According to a piece by Timothy W. Martin, Andy Pasztor and Peter Sanders in the Wall Street Journal this morning, its decision to cancel hundreds of flights and delay thousands of others "could set a new model for such events in the industry."
The story follows the crisis through the eyes of Southwest maintenance and engineering chief Brian Hirshman and finds a "break-down of the system that Boeing, government regulators and airlines use to keep aging planes safe, leaving the aircraft maker stymied and regulators unsure of what to do."
Hirshman was pivotal in the quick recommendation that Southwest ground its 737 fleet, canceling more than 620 flights and delaying 2,700 others -- an assessment that CEO Gary Kelly quickly agreed with. Besides seemingly being the right thing to do, it "allowed the carrier to allay passenger concerns and made it better able to adhere to its aggressive inspection timeline with more control over its own destiny," according to government and industry safety experts interviewed by the Journal reporters.
But some outsiders also point out that Southwest may not have had much of a choice. "This time, they simply had to do what they ended up doing," says Daniel Rose, a lawyer who represented passengers who settled with Southwest as a result of a fuselage break two years ago.
The incident probably won't derail Southwest's long-term plans to appeal more to business travelers who may care about what kind of airplane they fly, Tim Winship, publisher of frequentflyer.com, tells msnbc.com senior writer Allison Linn. "But in the short term, the delays associated with inspecting the airline's planes could cause business travelers to shy away from booking flights," she writes.

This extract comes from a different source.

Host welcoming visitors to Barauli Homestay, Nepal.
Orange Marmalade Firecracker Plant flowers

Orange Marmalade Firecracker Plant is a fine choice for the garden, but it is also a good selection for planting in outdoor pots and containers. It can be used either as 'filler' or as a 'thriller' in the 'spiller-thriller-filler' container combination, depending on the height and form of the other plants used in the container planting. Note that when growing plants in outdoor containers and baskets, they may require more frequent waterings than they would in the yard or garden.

Indeed, not everyone is assuaged by the airline's rapid response, as can be expected in a situation fraught with the primal fear of falling. (Where was is that I read recently that one of the most deep-rooted fears of our not-so-evolved-after-all species is that of falling out of a tree?)

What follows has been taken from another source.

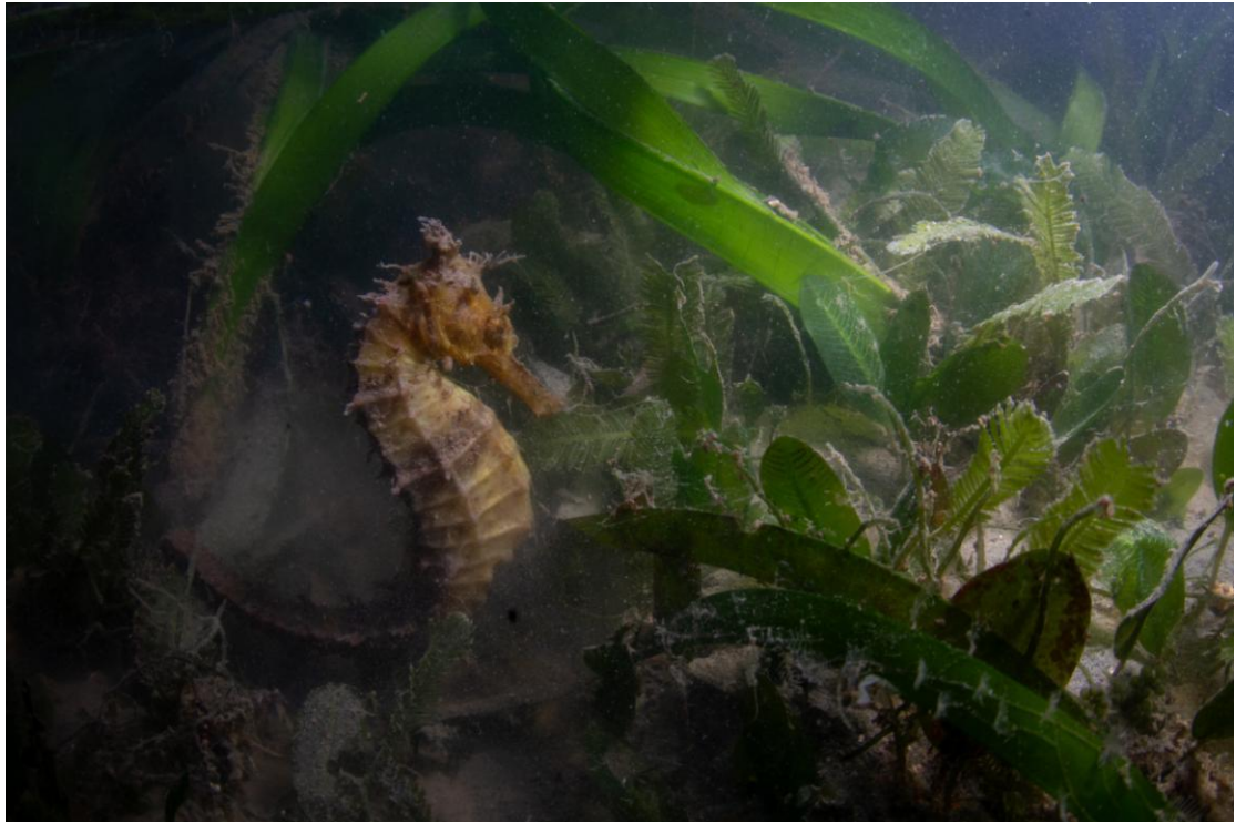
Hippocampus kuda in the water at the Merambong shoal.

Steve Scauzillo, the opinion pages editor of the Pasadena Star-News, writes that he is dubious about trusting Southwest Airlines with his precious cargo -- two college-age sons -- anymore and is "thinking of crossing it off my corporate villagers list."

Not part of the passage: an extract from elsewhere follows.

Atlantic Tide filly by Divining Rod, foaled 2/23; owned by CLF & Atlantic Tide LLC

When Scauzillo heard about the five-foot hole the size of a briefcase in the Southwest airliner's roof, his first reaction was to ask himself if it was taking its slogan -- "You are now free to move about the country" -- too literally. "Yeah, sucked through a hole in the ceiling," he writes. (Frankly, as one guy all-too-frequently on deadline himself, sounds to me like his first reaction was "I've got a hook for a column.")
Scauzillo concludes with the observation that the latest Southwest commercial shows a guy being chased through an airport by a ball of red tape in an effort to distinguish its Rapid Rewards program. "Hey, I know how Southwest can repair its image," he writes. "If it makes that a ball of duct tape instead of red tape, and supply some to the crew, it may come in handy. Or better, give them to the passengers."
You never know what's going to happen in the air, which is the main reason why you'll never see an airline create an advertising or marketing plan around its safety record, Linda Loyd reports in the Philadelphia Inquirer. "Airlines do not jinx themselves -- or remind the public -- by hinting that being aloft poses some risk. Instead, they brag about on-time performance, baggage handling, new onboard offerings, and customer service," she writes. That's despite the fact that the industry, as a whole, has a "great safety record," as one insider points out.
"If you have to convince somebody that you are safe, it's already bottom of the ninth and two strikes and two outs," says Robert Mann, aviation consultant with R.W. Mann & Co. "It isn't a good thing to talk about safety because it raises the issue to a level that we would prefer it not to be, either as customers and certainly as airlines."